The final regulation is the fourth regulation designed to increase the safety and security of the U.S. human and animal food supply under the authority of the "Public Health Security and Bioterrorism Preparedness and Response Act of 2002" (the Bioterrorism Act).
The record-retention period for human foods ranges from six months to two years, depending on the shelflife of the food.
Records for animal food, including pet food, must be retained for one year. The maximum record retention requirement for transporters of all types of food is one year.
Records must be retained at the establishment where the activities covered in the records occurred or at a reasonable accessible location. To minimize the burden on food companies affected by the final rule, companies may keep the required information in any format, paper or electronic. All businesses covered by this rule must comply within 12 months from the date the rule is published in the Federal Register, except small and very small businesses. Small businesses (11-499 full-time equivalent employees [FTEs]) must comply within 18 months from this date, and very small businesses (10 or fewer FTEs) have to comply within 24 months from this date.
When FDA has a reasonable belief that an article of food is adulterated and presents a threat of serious adverse health consequences or death to humans or animals, any records or other information to which FDA has access must be available for inspection and copying as soon as possible, not to exceed 24 hours from time of receipt of the official request. The records-access authority applies both to records required to be established and maintained by the final rule, or any other records a covered entity may keep to comply with federal, state or local law or as a matter of business practice.

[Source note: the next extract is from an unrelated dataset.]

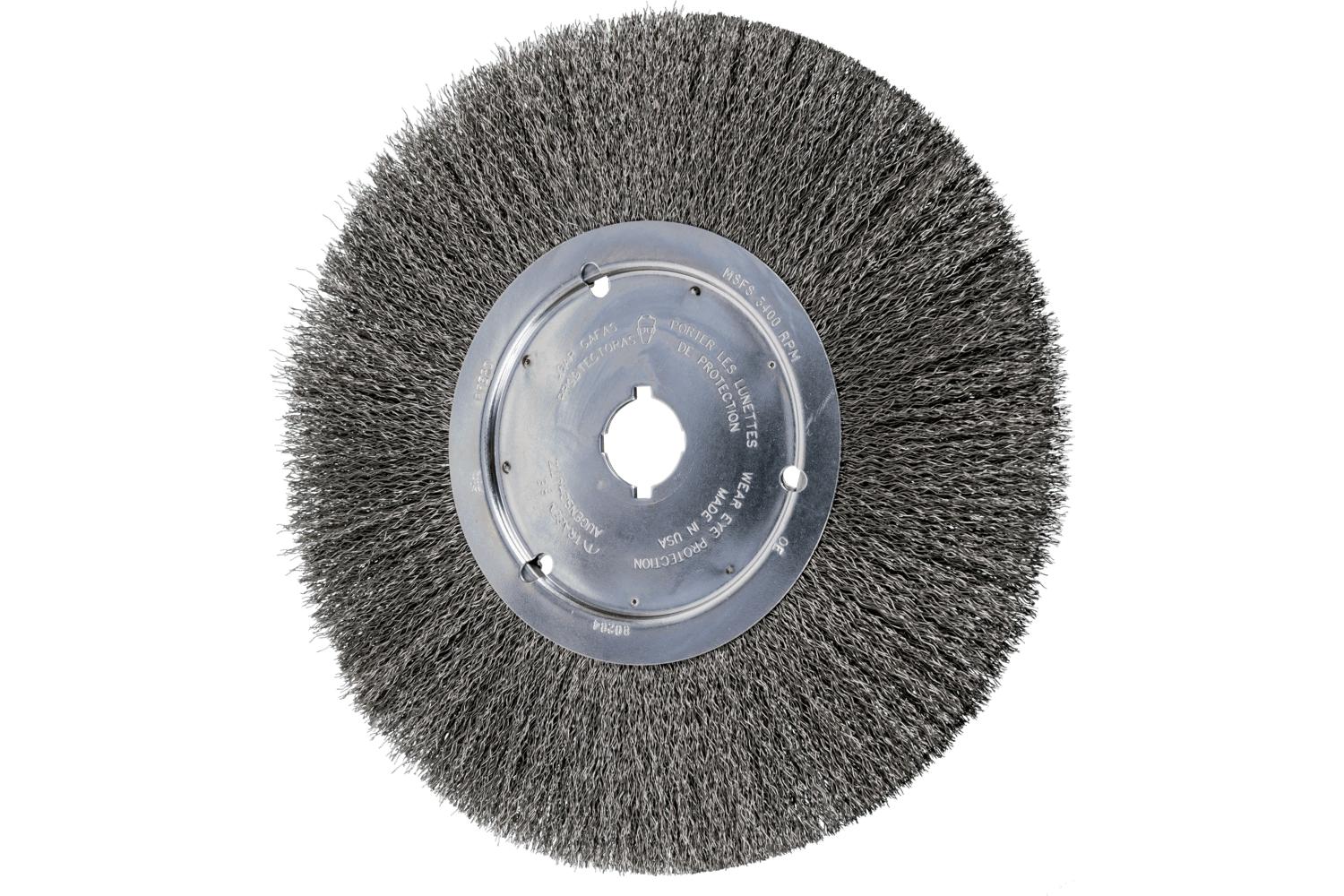 - Arbor Hole Size:1-1/4 inAttachment Type:Unthreaded ArborBrush Diameter:12 inFace Width:1-1/4 inFilament/Wire Diameter:0.014 inFilament/Wire Type:CrimpedFill Material:Carbon SteelMaximum Speed:3400 rpmTrim Length:2-7/8 inType:Narrow Face

The Bioterrorism Act allows FDA to bring a civil action in federal court to enjoin the persons who fail to comply with this rule. FDA also can seek criminal actions in federal court to prosecute persons who fail to establish and maintain records, as required by the final rule.
FDA already has issued three other final regulations under the Bioterrorism Act, which are in effect. They cover:
* Registration of foreign and domestic food facilities;
* Prior notice of food shipments imported or offered for import into the U.S.; and
* Administrative detention, so that food products that might pose a threat of serious adverse health consequences or death may be detained.
FDA will be holding seven public meetings in January and February 2005 to explain the requirements of the final rule to interested parties and answer questions. Registration is on a first-come, first served basis.
Additional information on how to register for one of the public meetings or information about all four rules designed to protect the U.S. food supply is available at http://www.fda.gov/oc/bioterrorism/bioact.html.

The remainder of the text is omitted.